Generating datapoints for visualization by assuming the encoder is
an additive model and thus doesn't require sampling on a manifold.
If the encoder has interactions, please supply C_vis so that we
can visualize these effects on the correct data manifold.
%%capture
# We can quantify the uncertainty visualized in the bootstrap confidence intervals
# by measuring p-values of the consistency of the estimated sign of each effect.
# This is a combinatorial: context x predictor
heterogeneous_predictor_pvals = calc_heterogeneous_predictor_effects_pvals(model, C_test)
predictor_pvals = pd.DataFrame(np.array([
[C_test.columns[i // len(X.columns)], X_test.columns[i % len(X.columns)], pval] for i, pval in enumerate(heterogeneous_predictor_pvals.flatten())

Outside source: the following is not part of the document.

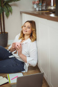Atrakcyjne pulchne dziewczyna gotowanie z przewodnikiem wideo
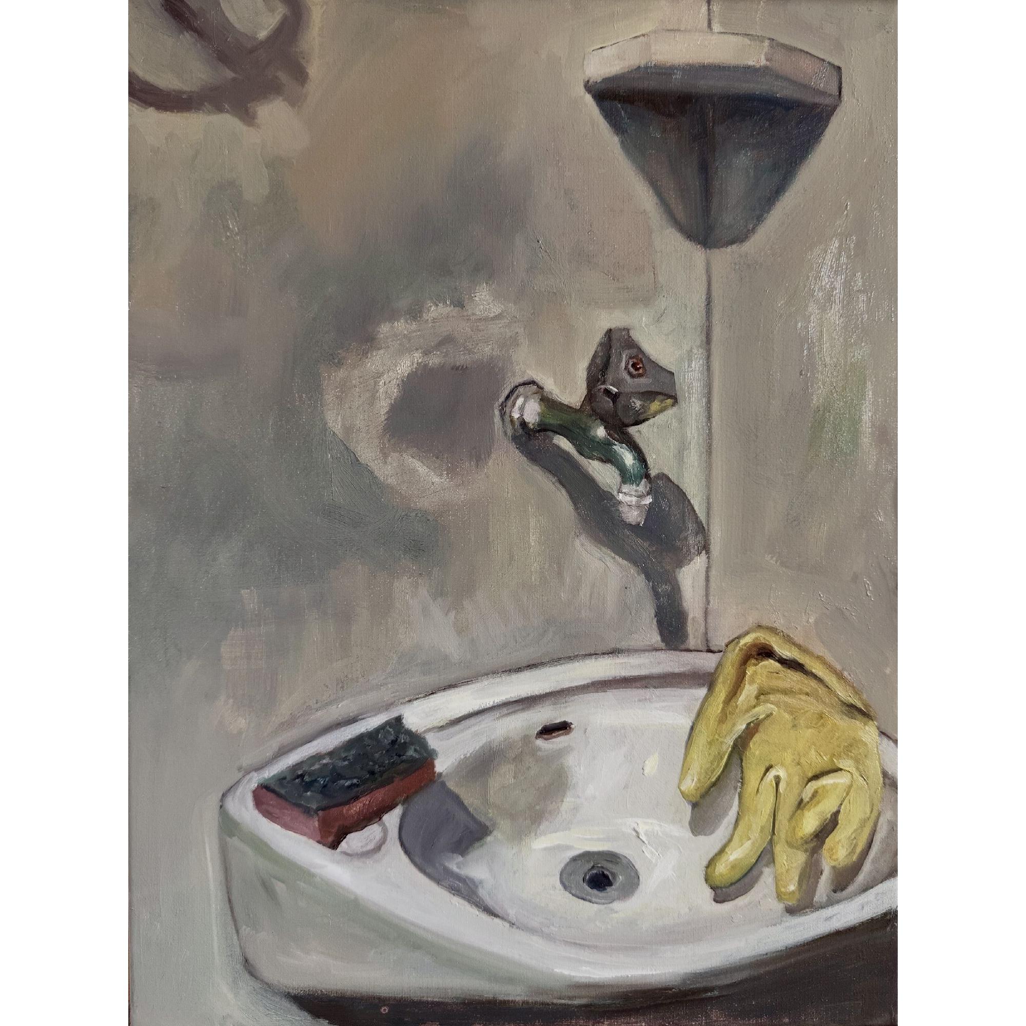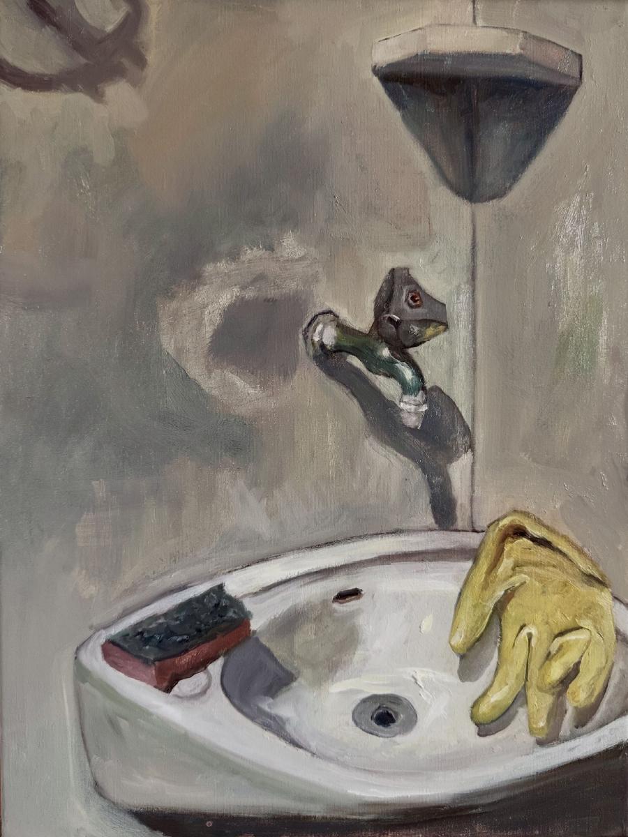 Una piccola scena domestica sospesa, dove un lavandino consumato, una spugna e un guanto di gomma giallo diventano indizi di un gesto appena interrotto. La pittura, con i suoi toni grigi e smorzati, trasforma l’ordinario in una sorta di silenzio narrativo: tutto è immobile, eppure vibra della presenza di chi se n’è andato un attimo prima. Un frammento di quotidiano che diventa memoria.

]), columns=["Context", "Predictor", "p-value"])
predictor_pvals
Context | Predictor | p-value | |
---|---|---|---|
0 | age | bp | 0.5238095238095238 |
1 | age | s1 | 0.42857142857142855 |
2 | age | s2 | 0.38095238095238093 |
3 | age | s3 | 0.3333333333333333 |
4 | age | s4 | 0.5714285714285714 |
5 | age | s5 | 0.42857142857142855 |
6 | age | s6 | 0.3333333333333333 |
7 | sex | bp | 0.19047619047619047 |
8 | sex | s1 | 0.14285714285714285 |
9 | sex | s2 | 0.2857142857142857 |
10 | sex | s3 | 0.19047619047619047 |
11 | sex | s4 | 0.38095238095238093 |
12 | sex | s5 | 0.19047619047619047 |
13 | sex | s6 | 0.38095238095238093 |
14 | bmi | bp | 0.047619047619047616 |
15 | bmi | s1 | 0.09523809523809523 |
16 | bmi | s2 | 0.38095238095238093 |
17 | bmi | s3 | 0.2857142857142857 |
18 | bmi | s4 | 0.42857142857142855 |
19 | bmi | s5 | 0.42857142857142855 |
20 | bmi | s6 | 0.23809523809523808 |
Conclusion#
Notice that only bmi appears to contribute to heterogeneity in diabetes progression through bp and s1 (we can increase bootstraps to confirm whether these are significant. 20 bootstraps is the minimum threshold for a P-value <0.05 without correcting for multiple testing).
Key takeaways:
BMI modulates the effect of blood pressure and the s1 on diabetes progression. BMI should be controlled for in studies on diabetes, and stratifying groups by BMI may be useful for identifying personalized treatments.
Other predictors show context invariance, or are direct effects of context. These predictors can be used to predict diabetes progression in a general population.
Contextualization enables us to split these effects without performing many pairwise tests between predictor and context features. All of this was achieved from a single training run, and can be validated by model accuracy.